» **How to complete this task**
The lines to repeat are those below from the one containing "下载2022年江苏省苏州市中考语文真题PDF格式或doc" down to the one containing "who are grieving.", both included; reproduce them exactly and nothing else.

» **Exercise input**

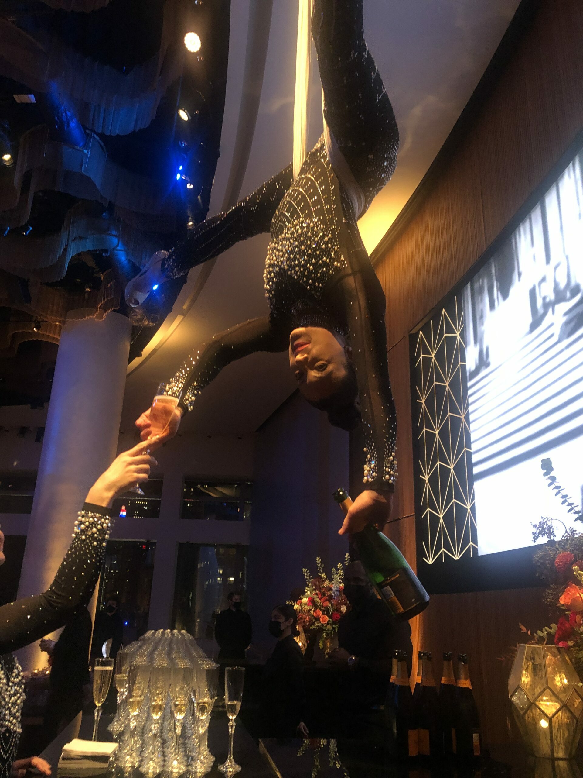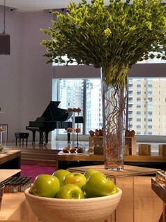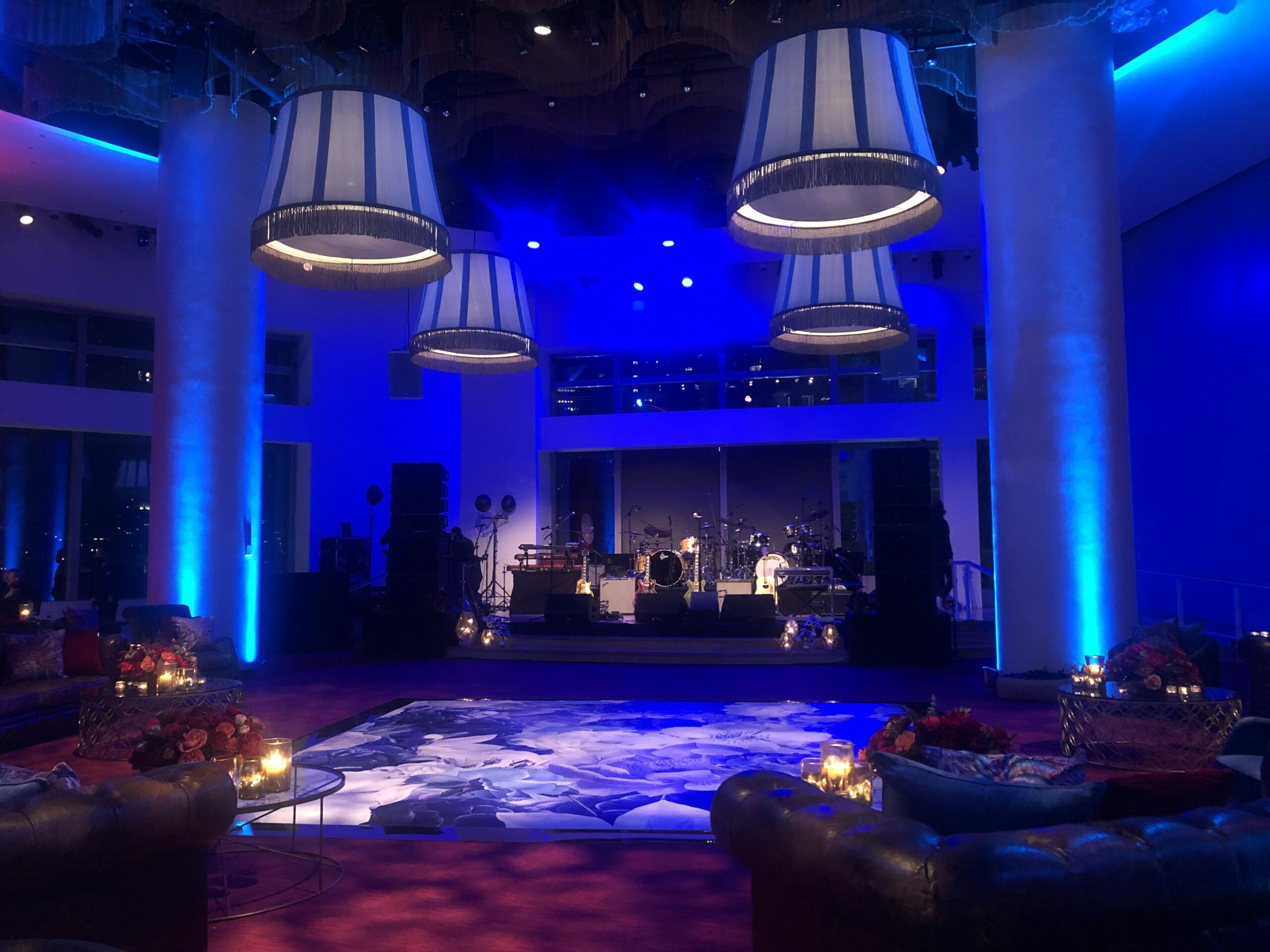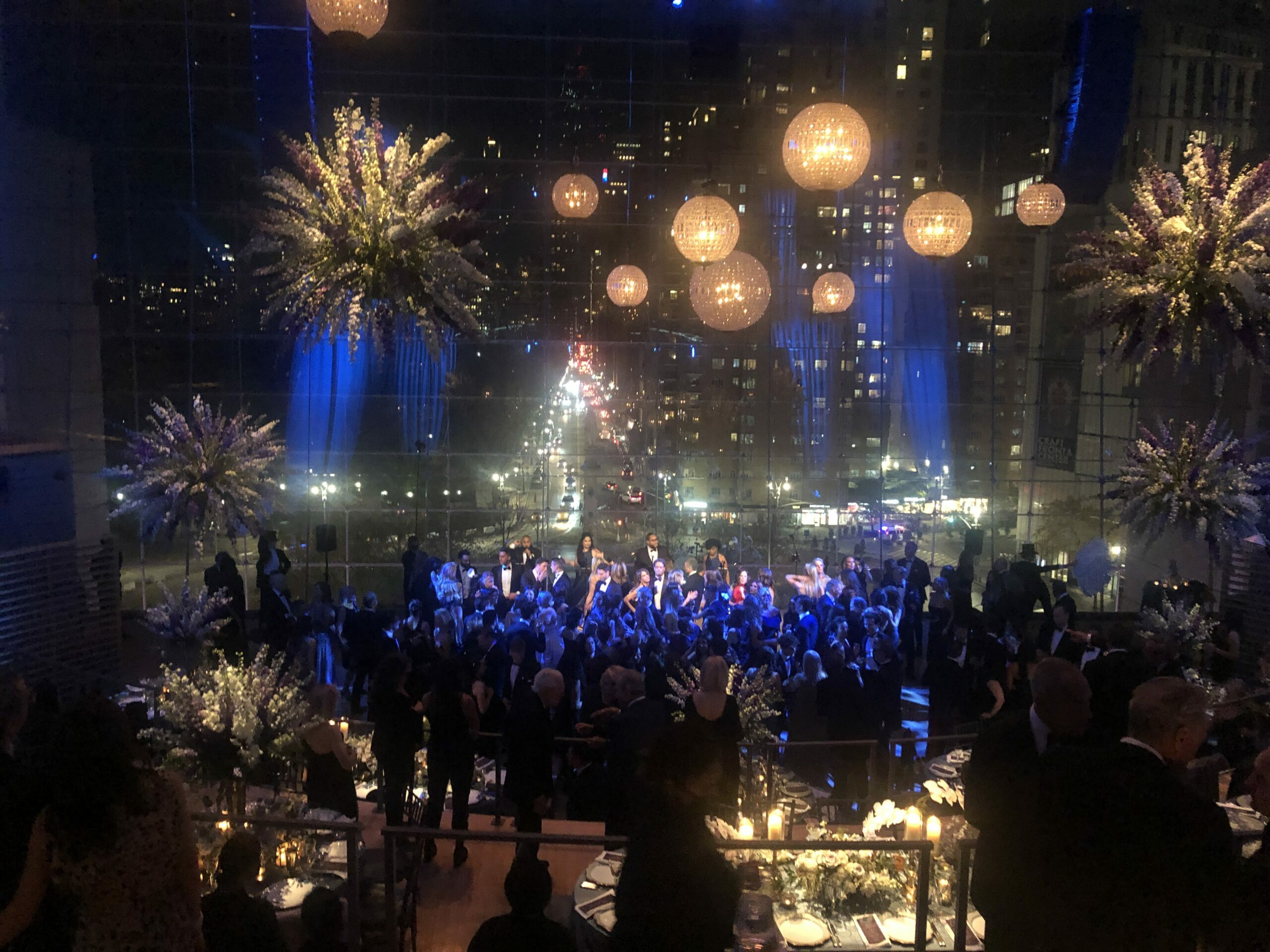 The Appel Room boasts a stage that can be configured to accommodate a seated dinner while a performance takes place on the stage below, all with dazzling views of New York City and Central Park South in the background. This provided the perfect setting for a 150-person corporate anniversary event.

==

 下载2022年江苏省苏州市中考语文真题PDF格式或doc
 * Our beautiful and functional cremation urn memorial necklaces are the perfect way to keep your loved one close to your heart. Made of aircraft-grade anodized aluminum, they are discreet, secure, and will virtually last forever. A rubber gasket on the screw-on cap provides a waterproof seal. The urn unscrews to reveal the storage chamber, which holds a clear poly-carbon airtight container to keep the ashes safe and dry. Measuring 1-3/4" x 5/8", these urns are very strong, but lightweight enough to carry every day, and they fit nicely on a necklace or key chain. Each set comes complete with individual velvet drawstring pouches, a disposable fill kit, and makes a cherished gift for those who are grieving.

» **Written answer**
 下载2022年江苏省苏州市中考语文真题PDF格式或doc
 * Our beautiful and functional cremation urn memorial necklaces are the perfect way to keep your loved one close to your heart. Made of aircraft-grade anodized aluminum, they are discreet, secure, and will virtually last forever. A rubber gasket on the screw-on cap provides a waterproof seal. The urn unscrews to reveal the storage chamber, which holds a clear poly-carbon airtight container to keep the ashes safe and dry. Measuring 1-3/4" x 5/8", these urns are very strong, but lightweight enough to carry every day, and they fit nicely on a necklace or key chain. Each set comes complete with individual velvet drawstring pouches, a disposable fill kit, and makes a cherished gift for those who are grieving.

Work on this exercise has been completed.